### Recorded information
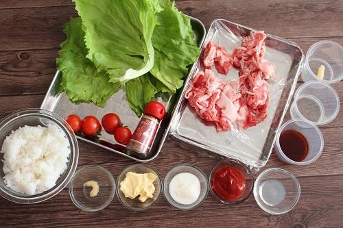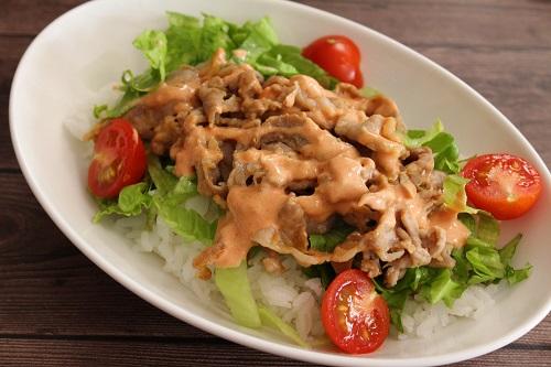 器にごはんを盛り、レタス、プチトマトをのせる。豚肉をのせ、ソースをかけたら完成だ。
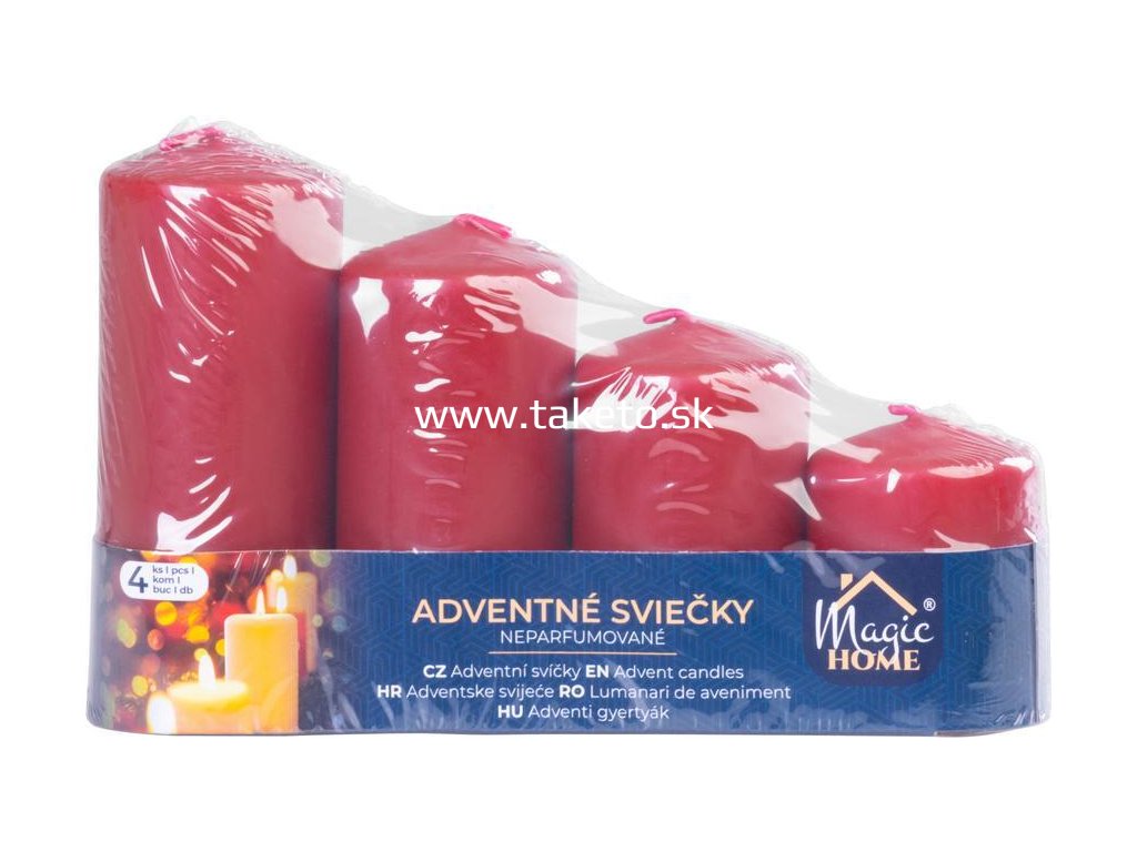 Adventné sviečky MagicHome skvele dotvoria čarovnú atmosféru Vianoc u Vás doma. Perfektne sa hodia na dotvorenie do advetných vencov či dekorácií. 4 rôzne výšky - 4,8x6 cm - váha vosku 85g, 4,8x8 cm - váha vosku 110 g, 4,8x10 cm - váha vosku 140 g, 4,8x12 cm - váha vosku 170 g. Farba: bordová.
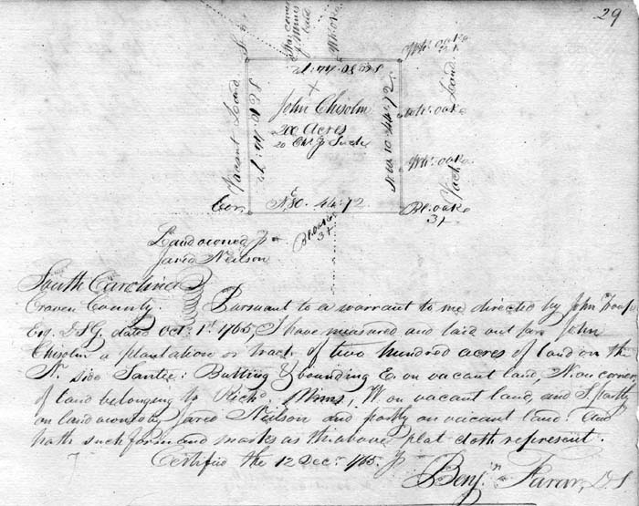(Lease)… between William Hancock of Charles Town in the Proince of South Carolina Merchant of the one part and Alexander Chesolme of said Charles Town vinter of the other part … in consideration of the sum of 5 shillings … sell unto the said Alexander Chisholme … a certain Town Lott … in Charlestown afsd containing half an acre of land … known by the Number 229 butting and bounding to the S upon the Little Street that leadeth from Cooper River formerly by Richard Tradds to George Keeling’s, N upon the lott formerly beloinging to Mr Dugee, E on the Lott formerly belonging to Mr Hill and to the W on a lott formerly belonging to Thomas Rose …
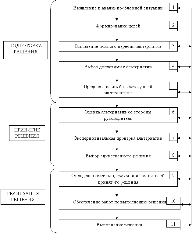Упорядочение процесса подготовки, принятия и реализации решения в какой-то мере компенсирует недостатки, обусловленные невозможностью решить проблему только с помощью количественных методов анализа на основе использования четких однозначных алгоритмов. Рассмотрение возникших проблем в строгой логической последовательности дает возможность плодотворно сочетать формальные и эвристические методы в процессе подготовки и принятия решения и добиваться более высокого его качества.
######
Repeat all the material exactly, but keep pictures out of the copy.

§ **Exercise output**:
 器にごはんを盛り、レタス、プチトマトをのせる。豚肉をのせ、ソースをかけたら完成だ。
 Adventné sviečky MagicHome skvele dotvoria čarovnú atmosféru Vianoc u Vás doma. Perfektne sa hodia na dotvorenie do advetných vencov či dekorácií. 4 rôzne výšky - 4,8x6 cm - váha vosku 85g, 4,8x8 cm - váha vosku 110 g, 4,8x10 cm - váha vosku 140 g, 4,8x12 cm - váha vosku 170 g. Farba: bordová.
(Lease)… between William Hancock of Charles Town in the Proince of South Carolina Merchant of the one part and Alexander Chesolme of said Charles Town vinter of the other part … in consideration of the sum of 5 shillings … sell unto the said Alexander Chisholme … a certain Town Lott … in Charlestown afsd containing half an acre of land … known by the Number 229 butting and bounding to the S upon the Little Street that leadeth from Cooper River formerly by Richard Tradds to George Keeling’s, N upon the lott formerly beloinging to Mr Dugee, E on the Lott formerly belonging to Mr Hill and to the W on a lott formerly belonging to Thomas Rose …
Упорядочение процесса подготовки, принятия и реализации решения в какой-то мере компенсирует недостатки, обусловленные невозможностью решить проблему только с помощью количественных методов анализа на основе использования четких однозначных алгоритмов. Рассмотрение возникших проблем в строгой логической последовательности дает возможность плодотворно сочетать формальные и эвристические методы в процессе подготовки и принятия решения и добиваться более высокого его качества.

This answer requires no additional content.